EXERCISE
Once the line with "mnie ubrania imprezowe" is found in the entries below, print it and each following line exactly, stopping after the line with "Кожаный ремень с"; print nothing else.

Stored dataset items
Content starts

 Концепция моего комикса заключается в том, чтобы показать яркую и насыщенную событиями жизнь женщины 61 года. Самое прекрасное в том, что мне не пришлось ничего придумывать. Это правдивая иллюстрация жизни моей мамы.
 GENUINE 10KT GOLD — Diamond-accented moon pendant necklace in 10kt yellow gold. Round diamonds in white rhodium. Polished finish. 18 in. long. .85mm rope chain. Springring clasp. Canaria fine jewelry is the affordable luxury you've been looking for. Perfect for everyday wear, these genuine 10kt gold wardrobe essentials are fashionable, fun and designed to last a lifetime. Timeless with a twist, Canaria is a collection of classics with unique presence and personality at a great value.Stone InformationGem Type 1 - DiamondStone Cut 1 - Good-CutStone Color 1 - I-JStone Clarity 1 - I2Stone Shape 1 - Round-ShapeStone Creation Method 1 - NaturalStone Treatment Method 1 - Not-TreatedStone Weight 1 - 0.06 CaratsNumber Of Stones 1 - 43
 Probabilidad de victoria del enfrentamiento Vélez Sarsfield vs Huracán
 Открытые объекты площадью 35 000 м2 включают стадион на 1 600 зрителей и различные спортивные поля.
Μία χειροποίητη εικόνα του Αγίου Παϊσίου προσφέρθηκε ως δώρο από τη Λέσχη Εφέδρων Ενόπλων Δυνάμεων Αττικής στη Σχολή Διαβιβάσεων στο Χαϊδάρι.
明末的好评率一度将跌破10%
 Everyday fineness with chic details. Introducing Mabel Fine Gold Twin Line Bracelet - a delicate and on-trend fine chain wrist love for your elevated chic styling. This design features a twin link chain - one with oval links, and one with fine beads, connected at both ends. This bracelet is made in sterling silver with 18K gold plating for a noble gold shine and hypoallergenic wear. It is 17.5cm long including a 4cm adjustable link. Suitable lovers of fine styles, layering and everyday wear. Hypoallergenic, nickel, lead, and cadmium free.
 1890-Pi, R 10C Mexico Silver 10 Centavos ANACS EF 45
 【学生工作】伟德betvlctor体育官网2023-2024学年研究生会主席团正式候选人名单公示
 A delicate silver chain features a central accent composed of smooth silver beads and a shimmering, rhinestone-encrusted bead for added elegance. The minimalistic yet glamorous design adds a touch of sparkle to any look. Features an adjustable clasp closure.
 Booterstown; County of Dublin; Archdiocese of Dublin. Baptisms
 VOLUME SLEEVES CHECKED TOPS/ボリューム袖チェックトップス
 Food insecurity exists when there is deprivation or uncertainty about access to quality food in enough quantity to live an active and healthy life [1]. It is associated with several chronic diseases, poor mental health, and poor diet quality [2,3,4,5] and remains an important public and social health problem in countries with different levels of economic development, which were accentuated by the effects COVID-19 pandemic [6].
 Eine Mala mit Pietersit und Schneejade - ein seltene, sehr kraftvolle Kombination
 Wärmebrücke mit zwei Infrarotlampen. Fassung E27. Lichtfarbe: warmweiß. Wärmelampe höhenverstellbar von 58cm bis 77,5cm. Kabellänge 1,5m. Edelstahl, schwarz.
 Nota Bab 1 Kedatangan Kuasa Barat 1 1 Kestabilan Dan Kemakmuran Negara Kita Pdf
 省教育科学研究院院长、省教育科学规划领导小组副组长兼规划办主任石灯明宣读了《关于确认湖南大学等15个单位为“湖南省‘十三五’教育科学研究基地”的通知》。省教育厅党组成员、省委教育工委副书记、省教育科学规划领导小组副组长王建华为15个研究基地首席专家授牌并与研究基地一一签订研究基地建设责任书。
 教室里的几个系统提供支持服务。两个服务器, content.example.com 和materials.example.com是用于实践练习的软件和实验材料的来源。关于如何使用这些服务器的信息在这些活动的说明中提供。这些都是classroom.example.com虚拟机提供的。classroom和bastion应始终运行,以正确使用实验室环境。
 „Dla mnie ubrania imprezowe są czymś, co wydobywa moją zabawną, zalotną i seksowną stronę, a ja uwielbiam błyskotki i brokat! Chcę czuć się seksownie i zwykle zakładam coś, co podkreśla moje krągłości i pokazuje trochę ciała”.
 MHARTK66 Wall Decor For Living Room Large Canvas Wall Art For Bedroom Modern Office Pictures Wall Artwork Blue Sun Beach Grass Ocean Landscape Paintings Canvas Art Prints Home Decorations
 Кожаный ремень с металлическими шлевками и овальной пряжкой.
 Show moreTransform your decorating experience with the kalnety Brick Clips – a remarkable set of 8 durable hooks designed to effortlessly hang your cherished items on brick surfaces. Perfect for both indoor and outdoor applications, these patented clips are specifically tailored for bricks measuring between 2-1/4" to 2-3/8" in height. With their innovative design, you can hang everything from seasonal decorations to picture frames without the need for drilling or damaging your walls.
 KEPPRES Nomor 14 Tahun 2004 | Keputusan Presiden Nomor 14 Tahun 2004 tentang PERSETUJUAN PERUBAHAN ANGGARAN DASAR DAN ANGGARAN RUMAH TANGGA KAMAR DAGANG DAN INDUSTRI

Content ends

RESPONSE BOX
 „Dla mnie ubrania imprezowe są czymś, co wydobywa moją zabawną, zalotną i seksowną stronę, a ja uwielbiam błyskotki i brokat! Chcę czuć się seksownie i zwykle zakładam coś, co podkreśla moje krągłości i pokazuje trochę ciała”.
 MHARTK66 Wall Decor For Living Room Large Canvas Wall Art For Bedroom Modern Office Pictures Wall Artwork Blue Sun Beach Grass Ocean Landscape Paintings Canvas Art Prints Home Decorations
 Кожаный ремень с металлическими шлевками и овальной пряжкой.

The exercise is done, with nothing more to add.